Wade v. Arizona State Retirement System

370 P.3d 132, 239 Ariz. 263, 2016 Ariz. App. LEXIS 48
CourtCourt of Appeals of Arizona
DecidedMarch 31, 2016
DocketNo. 1 CA-CV 14-0721
StatusPublished
Cited by2 cases

This text of 370 P.3d 132 (Wade v. Arizona State Retirement System) is published on Counsel Stack Legal Research, covering Court of Appeals of Arizona primary law. Counsel Stack provides free access to over 12 million legal documents including statutes, case law, regulations, and constitutions.

Bluebook
Wade v. Arizona State Retirement System, 370 P.3d 132, 239 Ariz. 263, 2016 Ariz. App. LEXIS 48 (Ark. Ct. App. 2016).

Opinion

OPINION

SWANN, Judge:

¶ 1 A.R.S. § 38-711(7) defines the “compensation” on which employee and employer contributions to the Arizona State Retirement System (“Retirement System” or “ASRS”) are calculated. The Retirement System interprets that statute to exclude from “compensation” the City of Chandler’s payment of contributions to an eligible deferred compensation plan, and the superior court upheld that interpretation. We disagree. We hold that § 38-711(7) defines “compensation” to include money paid by an employer to a deferred compensation plan, even if the employee could not elect to immediately receive the deferred compensation as eash-in-hand.

FACTS AND PROCEDURAL HISTORY

¶ 2 The Retirement System1 is a defined benefit plan, as described in 26 U.S.C. § 414(j), that provides retirement benefits to eligible employees of the State of Arizona and participating political subdivisions and subdivision entities. AR.S. §§ 38-711(3), (13) and (23), -712. The City of Chandler (“the City”) participates in the Retirement System. The City also operates an eligible deferred compensation plan, as described in 26 U.S.C. § 457(b) (“Deferred Compensation Plan”).

¶ 3 Marla Paddock is a City employee, as was Mary Wade until she retired; both are members of the Retirement System and the Deferred Compensation Plan. Their annual written employment contracts provided that they were entitled to receive (among other things): a “[sjalary” set at an “annual base” amount; and “annual deferred compensation,” expressed in some years’ contracts as a dollar amount and in other years’ contracts as a percentage of the “base salary.” The City deposited the “annual deferred compensation” into the Deferred Compensation Plan in equal bi-weekly payments.
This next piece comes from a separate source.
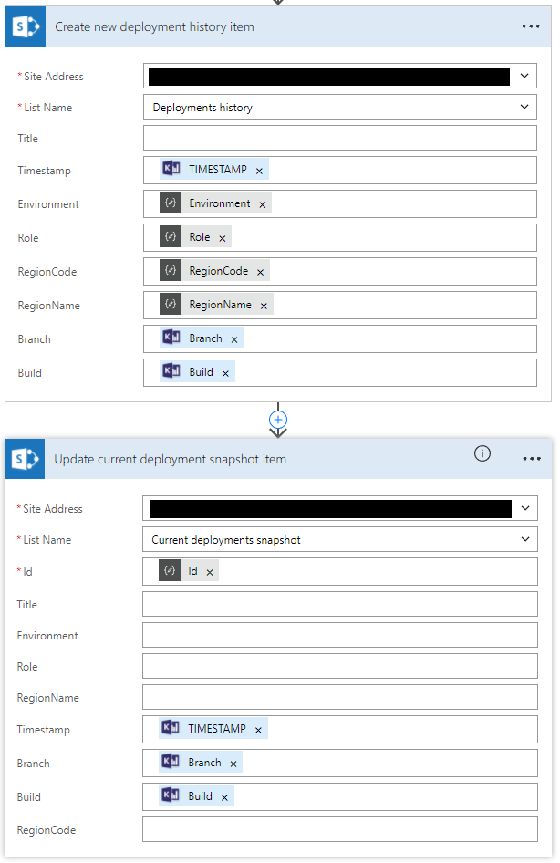 Using Microsoft Flow it was super easy to build a no code solution to both track deployment history and track the state of current deployments across regions.
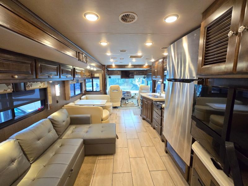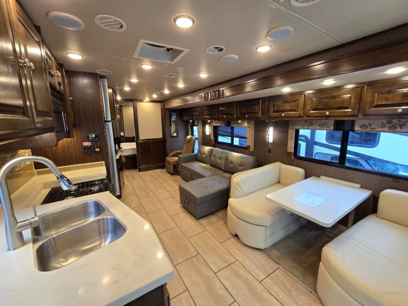 Step into the Allegro 36 LA class A motorhome to find two captain's chairs and overhead cabinets at each side in the front of the coach. You may choose an optional center TV and an optional driver side door.

¶ 4 Historically, the City included the “annual deferred compensation” in its calcula[266]*266tion of the employees’ annual “compensation” to determine employer and employee contributions to the Retirement System under A.R.S. §§ 38-736(A) and -737(A). In 2011, however, the City ceased this practice based on the advice of a Retirement System employee. Wade and Paddock disputed the changed calculation upon discovering it in late 2012. The City then requested a “more formal opinion” from the Retirement System, and the Retirement System responded by letter that “an employer should not report employer contributions to supplemental defined conti'ibution plans on behalf of its contract employees as compensation for ASRS purposes.”
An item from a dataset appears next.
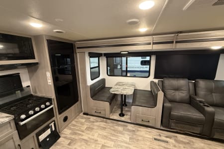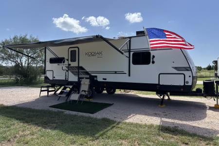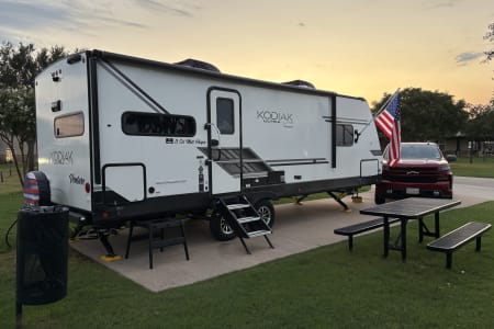 Meet "Longhorn Explorer" — your fully delivered and set‑up getaway for exploring the heart of Texas. We handle the hard part so you can get straight to relaxing. Picture this: you arrive at your favorite campground, the awning is out, lights are on, the RV is leveled, cooled, and ready for your first Texas sunset. That’s how every trip begins with Hill Country Explorer. This 2024 Dutchmen Kodiak Ultra‑Lite brings modern comfort to your outdoor adventures. Inside, you’ll find a bright rear kitchen, cozy recliners, a private bedroom, and all the amenities that make it feel like a home away from home. Perfect for couples or small families who want to enjoy the Hill Country without the hassle of hooking up, backing up, or setting up. We deliver, you unwind — it’s that simple.

¶ 5 Wade and Paddock served a notice of claim on the Retirement System, and then filed a special action class-action complaint against the Retirement System, its Board, and the City, seeking mandamus, declaratory and injunctive relief. The Retirement System moved to dismiss, arguing that the plaintiffs had failed to exhaust their administrative remedies. The parties also filed cross-motions for summary judgment on the issue of whether the City’s payments to the Deferred Compensation Plan qualified as “compensation” under A.R.S. § 38-711(7) for purposes of Retirement System calculations.

¶ 6 The court granted the Retirement System’s motion to dismiss with respect to Wade, and granted the Retirement System’s motion for summary judgment with respect to Paddock. The court held that the definition of “compensation” set forth in § 38-711(7) “is ambiguous, and there are good arguments for both sides’ interpretations [, b]ut ASRS’s interpretation is the more plausible.” The court held that “compensation” under § 38-711(7) includes “salary or wages from which an employee might make deferred compensation payments,” but does not include employer contributions made “on top of’ the employee’s “gross pay.”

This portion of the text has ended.